▸ **Problem to solve**: Set down the lines that begin at the top of the records and end with the line containing "Notice on Matters", and drop every picture.

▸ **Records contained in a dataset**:

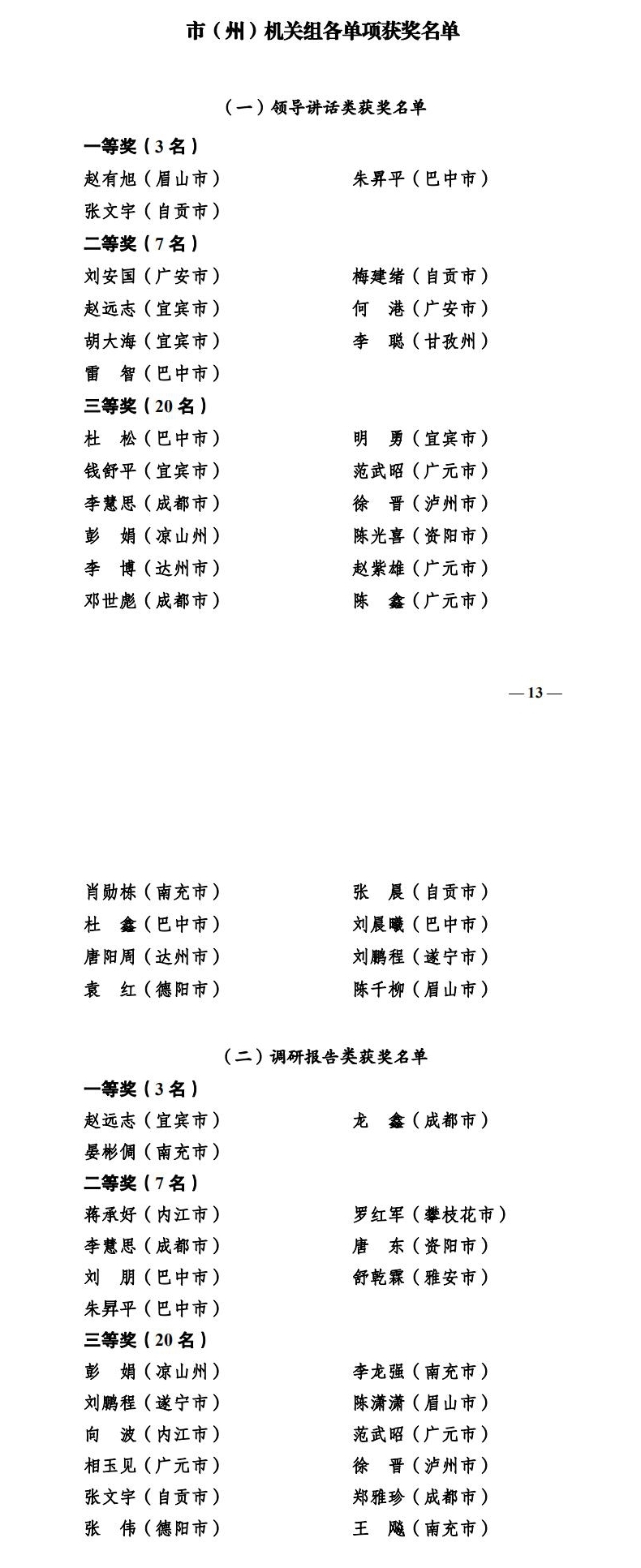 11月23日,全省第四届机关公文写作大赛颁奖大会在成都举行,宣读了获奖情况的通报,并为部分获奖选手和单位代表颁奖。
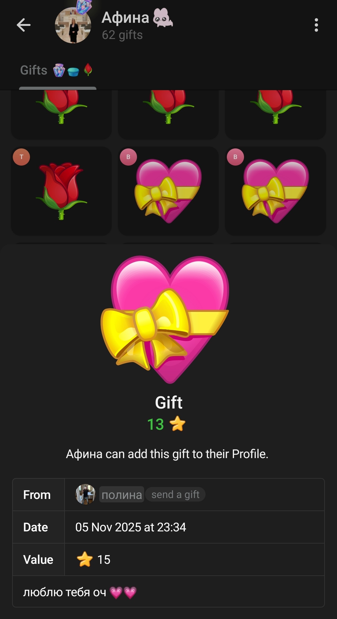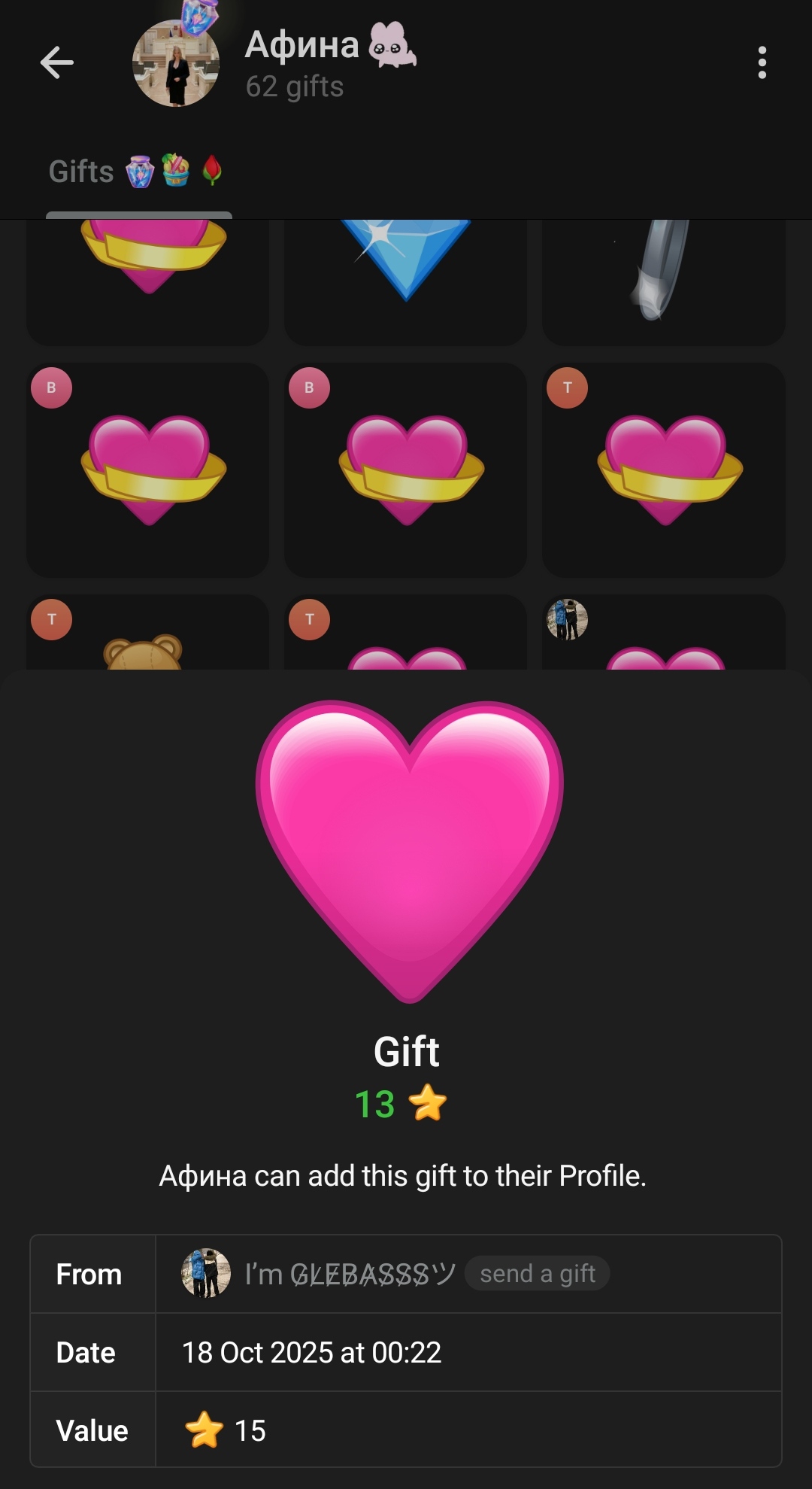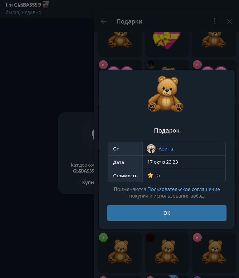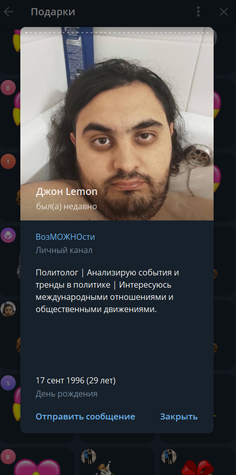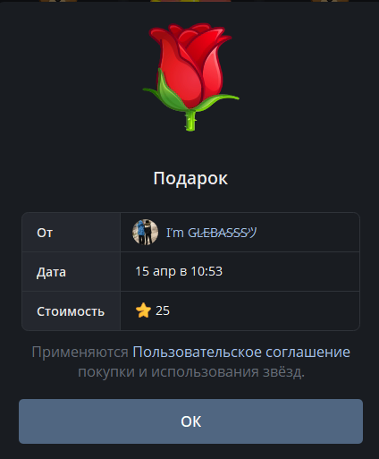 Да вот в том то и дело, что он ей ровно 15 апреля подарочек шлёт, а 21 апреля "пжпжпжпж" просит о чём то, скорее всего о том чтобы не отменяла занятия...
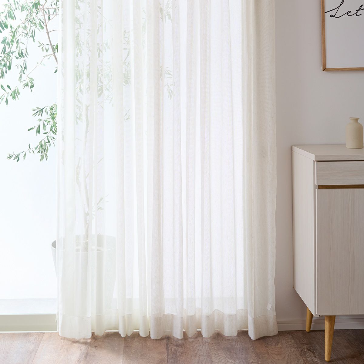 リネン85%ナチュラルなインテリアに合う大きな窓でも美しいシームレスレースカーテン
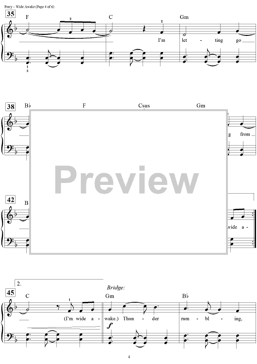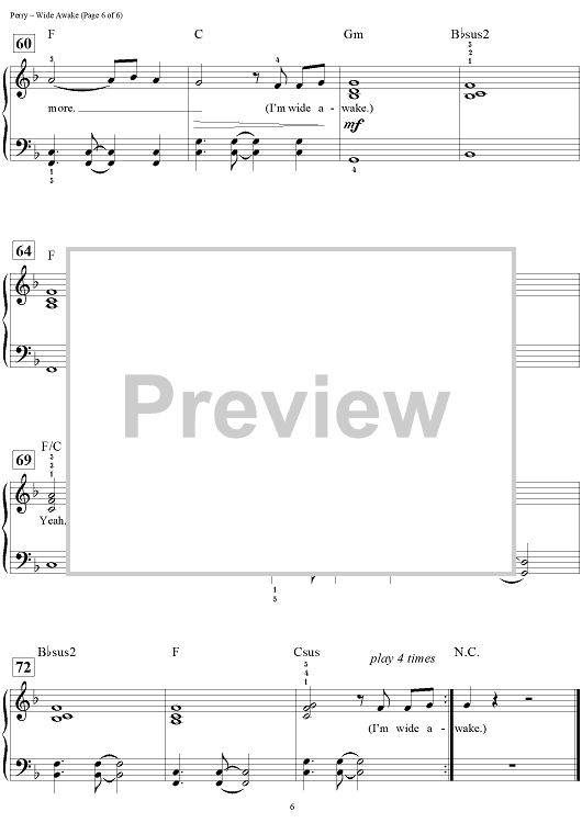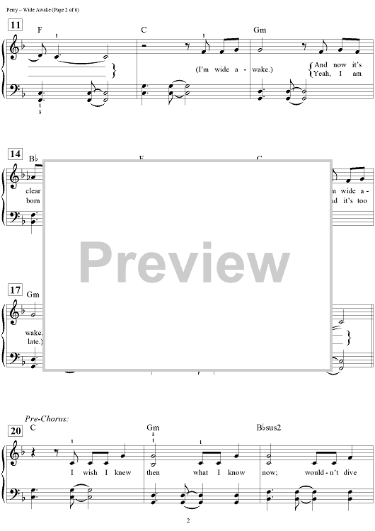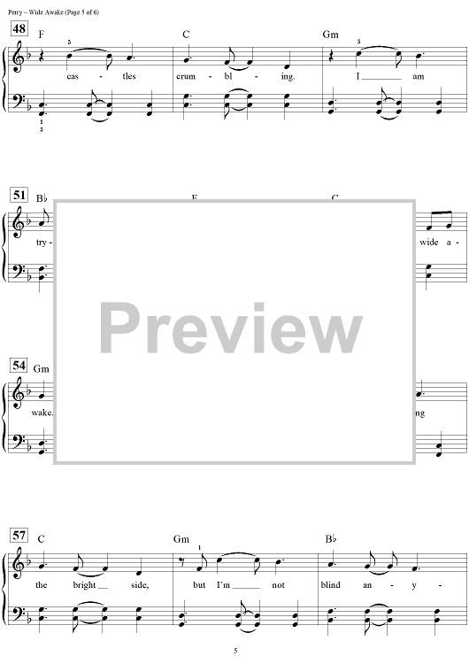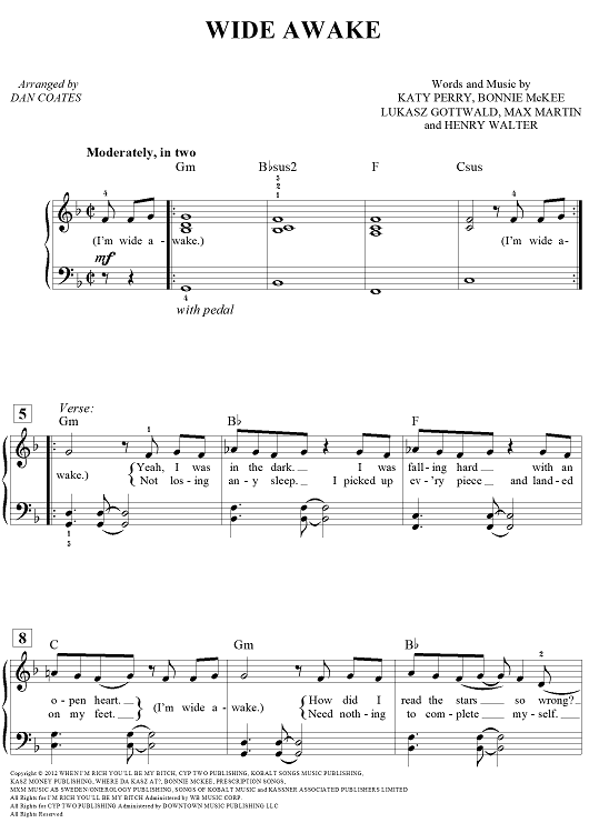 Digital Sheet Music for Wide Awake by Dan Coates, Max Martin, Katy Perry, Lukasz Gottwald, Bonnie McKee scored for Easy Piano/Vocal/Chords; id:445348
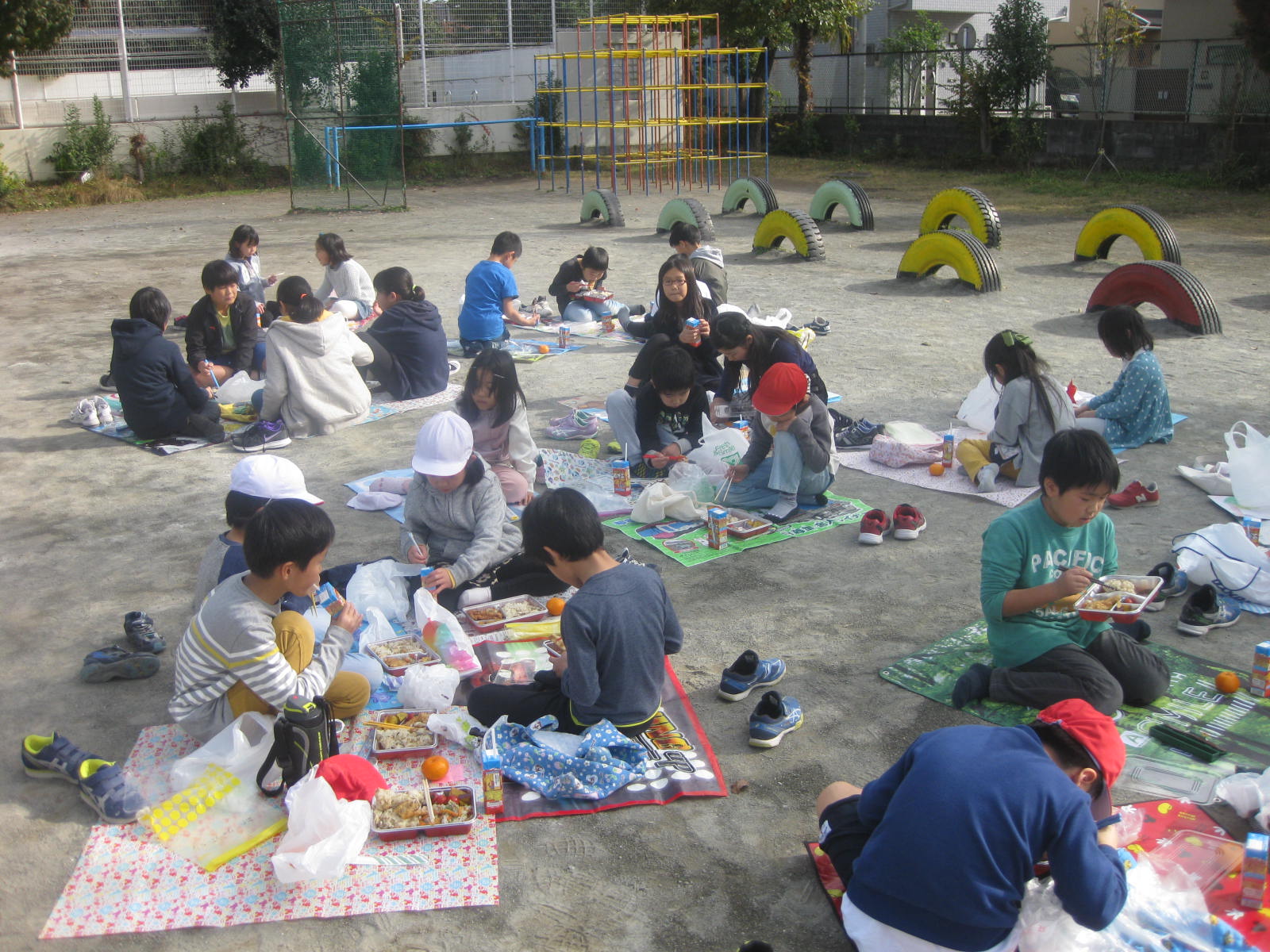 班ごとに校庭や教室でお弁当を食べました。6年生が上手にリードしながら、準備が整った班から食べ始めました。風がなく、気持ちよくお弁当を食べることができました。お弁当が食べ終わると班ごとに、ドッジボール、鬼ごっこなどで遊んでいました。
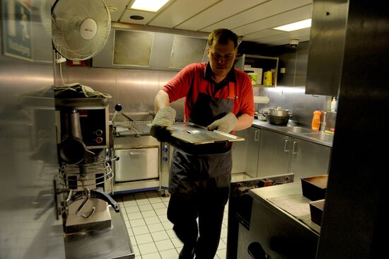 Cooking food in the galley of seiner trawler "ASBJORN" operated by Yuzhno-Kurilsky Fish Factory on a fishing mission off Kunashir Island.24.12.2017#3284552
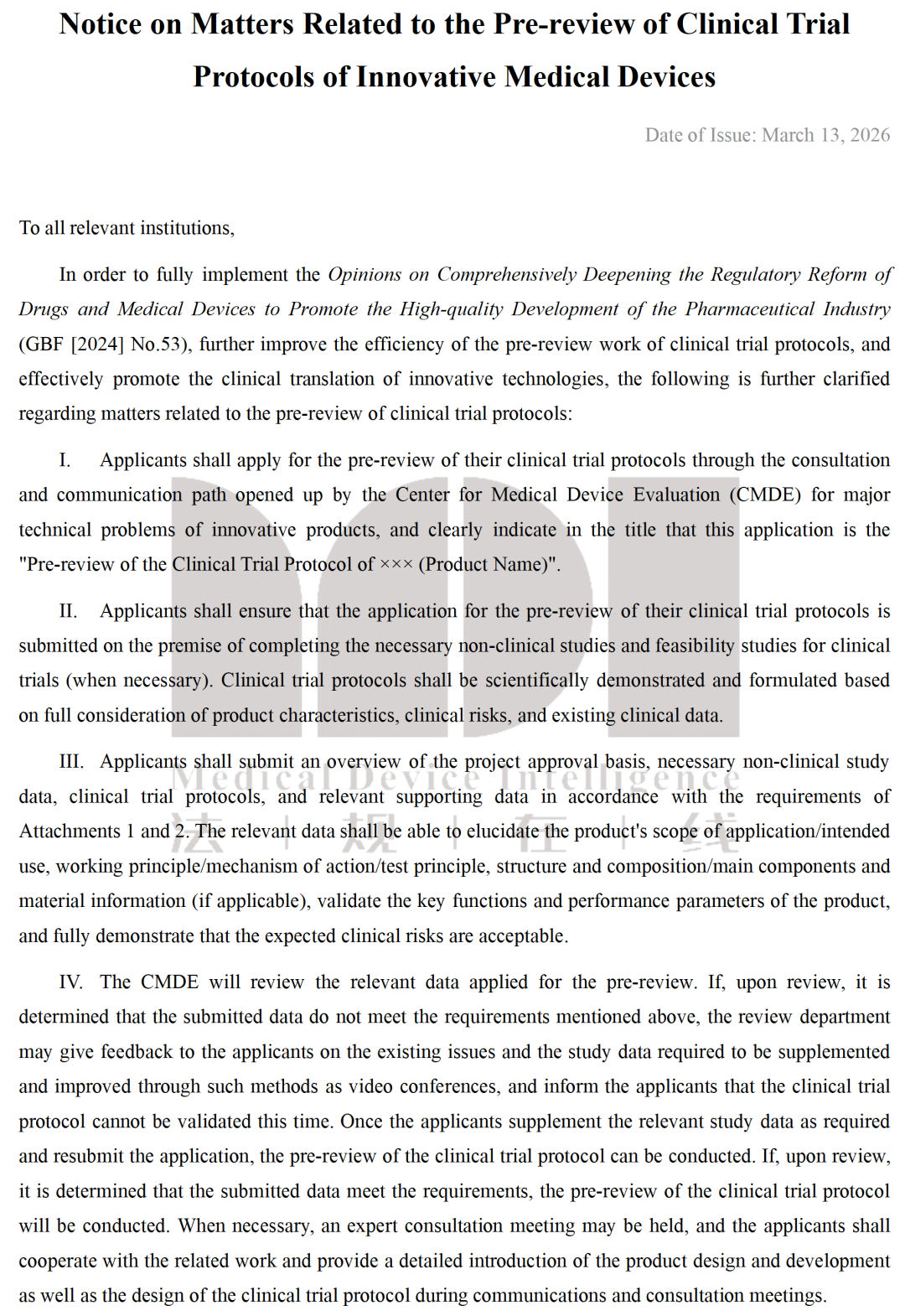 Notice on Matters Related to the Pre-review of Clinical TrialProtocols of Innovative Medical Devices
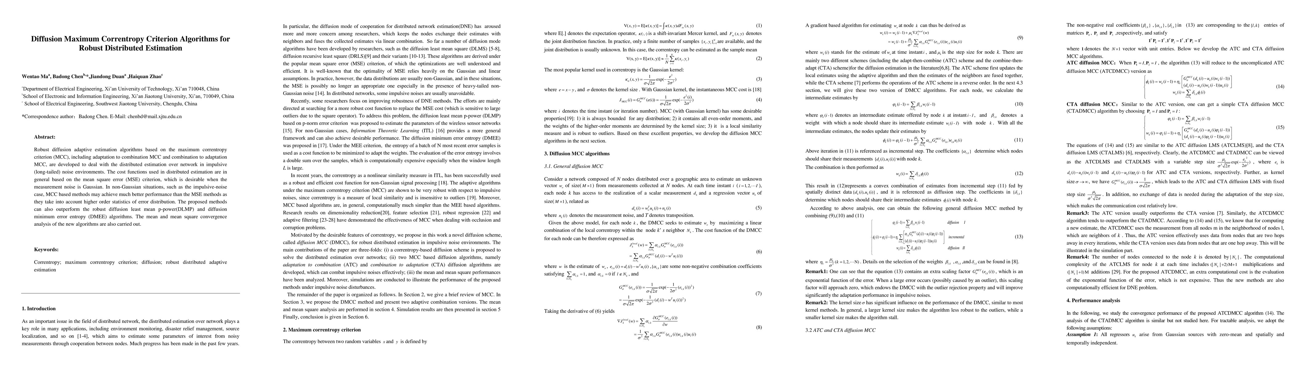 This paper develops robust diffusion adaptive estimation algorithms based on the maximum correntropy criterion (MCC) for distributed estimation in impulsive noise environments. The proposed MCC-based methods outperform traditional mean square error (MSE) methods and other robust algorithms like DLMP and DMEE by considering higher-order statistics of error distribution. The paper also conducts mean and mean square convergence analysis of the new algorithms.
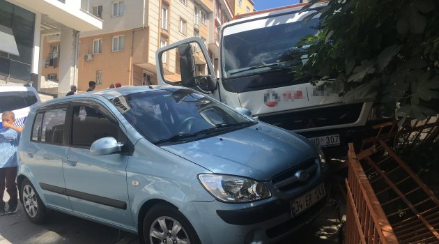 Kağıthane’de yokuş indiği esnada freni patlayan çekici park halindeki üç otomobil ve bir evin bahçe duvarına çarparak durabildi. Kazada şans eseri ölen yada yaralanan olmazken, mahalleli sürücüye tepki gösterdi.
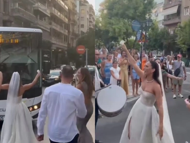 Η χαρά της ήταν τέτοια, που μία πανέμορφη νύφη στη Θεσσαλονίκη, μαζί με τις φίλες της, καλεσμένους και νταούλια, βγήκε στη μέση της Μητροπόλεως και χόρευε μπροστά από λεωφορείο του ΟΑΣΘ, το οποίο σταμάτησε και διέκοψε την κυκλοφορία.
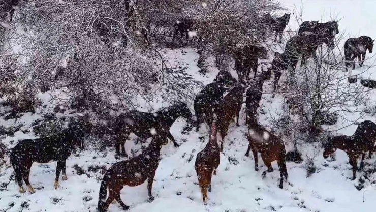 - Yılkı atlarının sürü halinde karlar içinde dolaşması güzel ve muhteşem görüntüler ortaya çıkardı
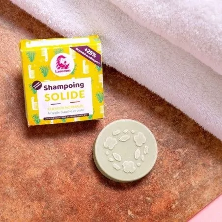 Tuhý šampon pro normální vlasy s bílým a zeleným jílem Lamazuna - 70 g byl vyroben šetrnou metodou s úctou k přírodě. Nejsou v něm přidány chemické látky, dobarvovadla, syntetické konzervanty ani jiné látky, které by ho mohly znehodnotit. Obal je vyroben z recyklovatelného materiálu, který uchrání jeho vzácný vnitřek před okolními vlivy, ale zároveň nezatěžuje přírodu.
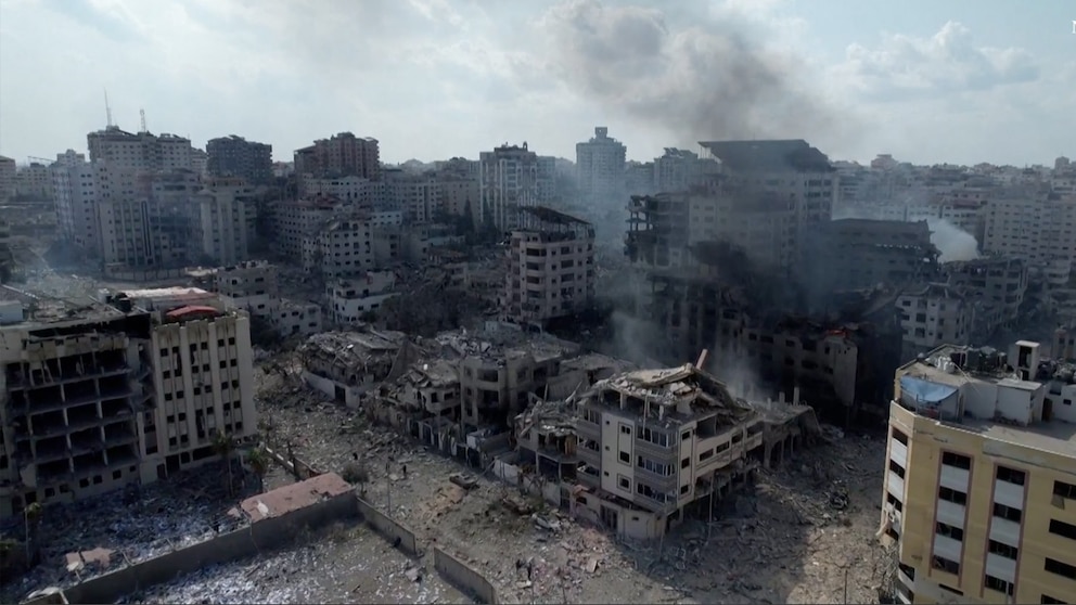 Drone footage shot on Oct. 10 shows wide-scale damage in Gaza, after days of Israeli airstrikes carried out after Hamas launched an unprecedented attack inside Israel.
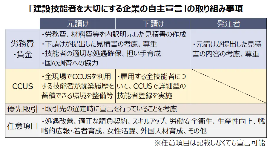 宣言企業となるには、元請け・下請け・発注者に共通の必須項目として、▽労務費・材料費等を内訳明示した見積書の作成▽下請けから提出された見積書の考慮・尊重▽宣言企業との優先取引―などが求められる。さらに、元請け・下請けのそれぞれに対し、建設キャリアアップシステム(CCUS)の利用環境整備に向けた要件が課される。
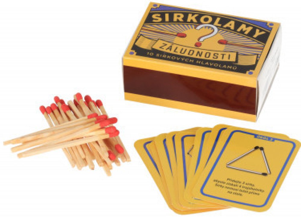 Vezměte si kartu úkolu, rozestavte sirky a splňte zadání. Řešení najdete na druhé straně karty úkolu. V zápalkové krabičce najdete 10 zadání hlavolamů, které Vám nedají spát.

▸ **Solution to this task**:
 11月23日,全省第四届机关公文写作大赛颁奖大会在成都举行,宣读了获奖情况的通报,并为部分获奖选手和单位代表颁奖。
 Да вот в том то и дело, что он ей ровно 15 апреля подарочек шлёт, а 21 апреля "пжпжпжпж" просит о чём то, скорее всего о том чтобы не отменяла занятия...
 リネン85%ナチュラルなインテリアに合う大きな窓でも美しいシームレスレースカーテン
 Digital Sheet Music for Wide Awake by Dan Coates, Max Martin, Katy Perry, Lukasz Gottwald, Bonnie McKee scored for Easy Piano/Vocal/Chords; id:445348
 班ごとに校庭や教室でお弁当を食べました。6年生が上手にリードしながら、準備が整った班から食べ始めました。風がなく、気持ちよくお弁当を食べることができました。お弁当が食べ終わると班ごとに、ドッジボール、鬼ごっこなどで遊んでいました。
 Cooking food in the galley of seiner trawler "ASBJORN" operated by Yuzhno-Kurilsky Fish Factory on a fishing mission off Kunashir Island.24.12.2017#3284552
 Notice on Matters Related to the Pre-review of Clinical TrialProtocols of Innovative Medical Devices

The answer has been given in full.